The Pygmalion approach makes both of these Theories coherent. If management chooses to approach people from the perspective that they are lazy and incompetent, they will be; and if management chooses to approach people from the perspective that they are competent and energized, they will be. In Rensis Likert’s [1961] management theory, managerial leadership is a major causal variable that determines the level of intervening variables.

“The intervening variables are social-psychological in nature and include such crucial determinants of organizational effectiveness as subordinates’ loyalty, identification, sense of responsibility, motivation, and production norms. These intervening variables in turn influence the end results that the manager obtains through his subordinates….” [Eden – 1990].

These concepts of high [positive] expectations are equally applicable to the way the manager relates to the subordinate staff and how the manager organizes the policy, protocol and procedures to influence the relationship to clients. Staff and clients both need to have 1) clear normative expectations [procedures indicating how they ought to behave] and 2) clear probability expectation [ positive belief about how they are likely to behave] in carrying out their duties of work and life.
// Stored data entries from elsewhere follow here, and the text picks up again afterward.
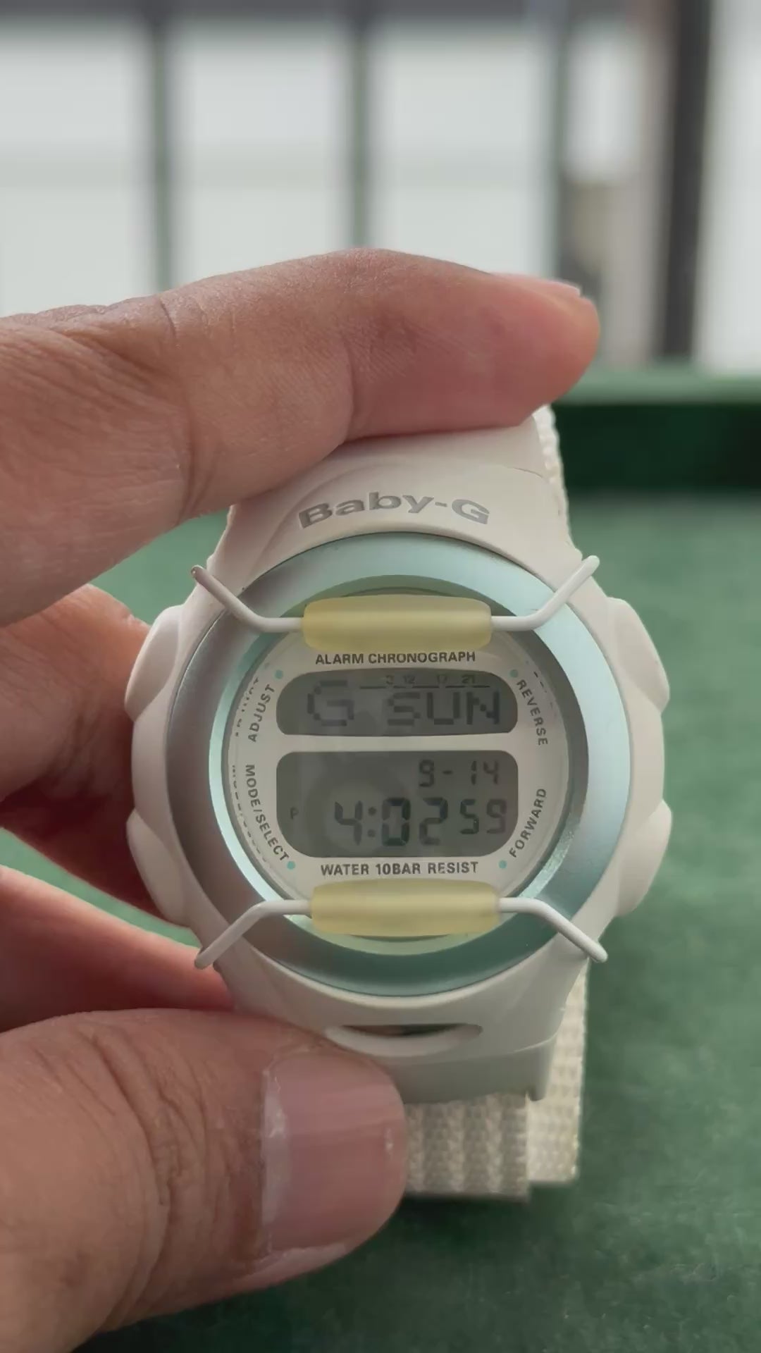 Vintage Casio Baby-G BG-097 “Light My Fire” White Digital Watch 1990s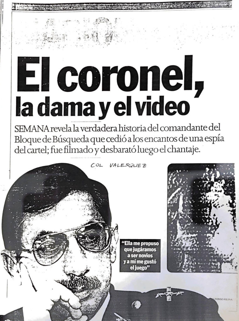The magazine Semana cover: (translation) The Colonel, the woman, and the video. Semana reveals the true story of the commander of the Search Block who gave into the charm of a cartel spy; was filmed and later frustrated by blackmail. “She proposed to me that we play around as lovers, and I like the game.”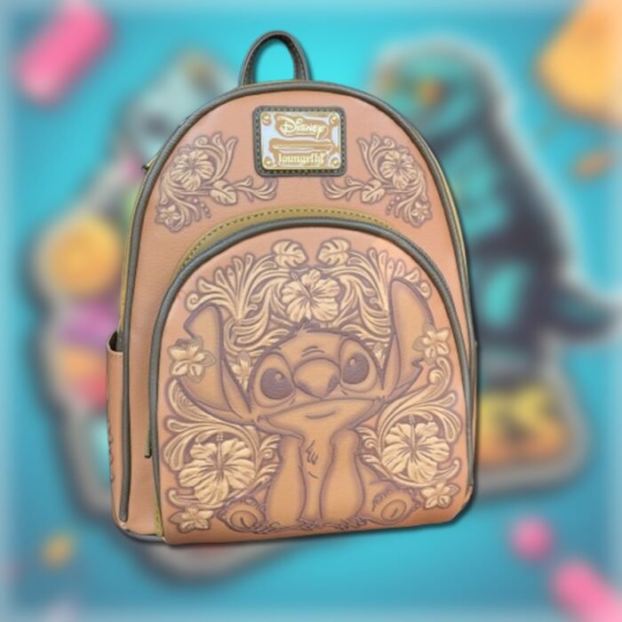 Ohana means family, and this adorable Loungefly Disney Lilo & Stitch Tonal Stitch Carving Mini Backpack is ready to join yours! This unique backpack features a beautifully embossed, tonal design of Stitch surrounded by tropical Hawaiian flowers. The subtle carving adds a touch of elegance and texture to the playful character. Crafted from high-quality faux leather in a warm tan hue with contrasting trim, this mini backpack is both stylish and durable. With adjustable shoulder straps, secure zip closures, and side pockets, it’s perfect for carrying your essentials with a touch of Disney magic. Show your love for Stitch and the spirit of ‘ohana wherever you go!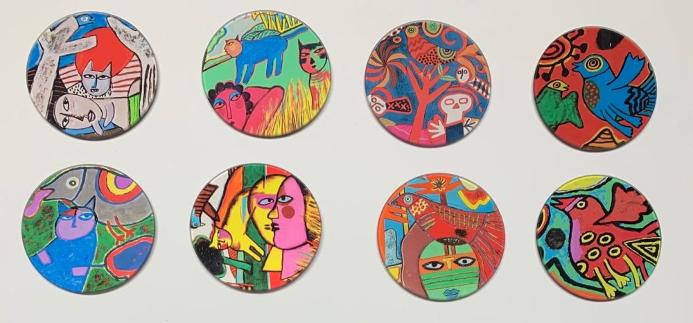 Dans le sillage de Gauguin et de Van Gogh, Guillaume Corneille fut un infatigable et prolixe chantre de la couleur : "La lumière est un vrai bonheur et la couleur est la vie " Superbe ensemble qui crée une explosion joviale de couleurs sur une table de cocktails ou d'apéritifs. Lot comprenant : - 4 Sous-verres / Coasters Chats - 4 Sous- verres / Coasters Oiseaux Dimensions : 10 cm de circonférence. Supports anti-dérapants sur chaque Sous-verre. Deux pièces de rangement en métal Etat parfait Guillaume Corneille (1922-2010), né à Liège de parents Néerlandais, fut l'un des membres fondateurs du groupe Cobra (Contraction de Copenhague, Bruxelles, Amsterdam) avec Karel Appel, Christian Dotremont, Asger Jorn, Constant, et ensuite Alechinsky, entre autres. Les oeuvres du groupe Cobra sont d'une nature sauvage, parfois proche des arts populaires et primitifs, de l'art brut et des enfants. Envoi sécurisé avec UPS avec assurances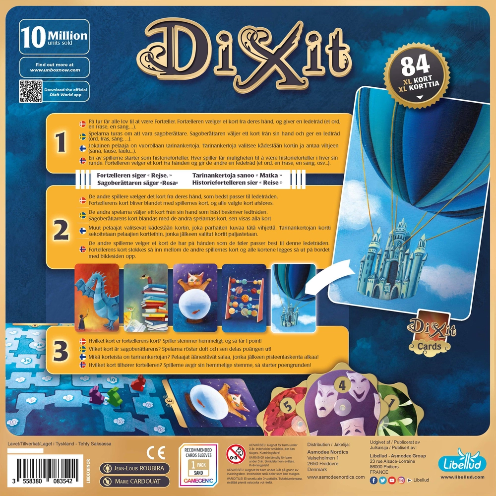 Dixit Nordic Brætspil er et fantastisk og kreativt familiespil, der kombinerer billedkort med fortælling. Udforsk de smukke nordiske illustrationer og lad din fantasi løbe løbsk, når du skal bruge din intuition til at gætte hvilket kort der passer til historien. Med lette regler og uendelige muligheder er dette spil perfekt til en sjov aften med venner og familie, der er 84 kort som giver uendelige muligheder for sjov og underholdning.

Thus, two important mental constructs arise for the human service manager. They must articulate clearly and often a normative expectation and they must equally articulate and place a positive expectation of probable behavior. People must know what they ought to do and believe themselves capable of doing it. The failure of human services management to understand and implement these constructs has allowed the development of failed systems. The negativity of human service approaches has supported and maintained a society of victims, where feeling good is more important than achieving.

To orient the local staff, community and people with problems in living, local human service managers must spend inordinate energy on the development of a rigorously analyzed and coherent social policy which includes the concept of client self-determination as the predominant element of a new system. As will be seen, this is not only for pragmatic or utilitarian reasons that are supported by both economic and competency perspectives, but from an idealistic or theoretical framework as well. This idealism, supported through the perspective of organismic psychology, suggests the basic belief that people cannot be helped unless they sanction that help; and because of a belief that self appreciation, a critical element of mental wellness, is based, at least in part, upon the ability to feel and exercise power. We feel that these compelling arguments make it necessary that client self-determination be the fundamental assumption upon which a new system is built.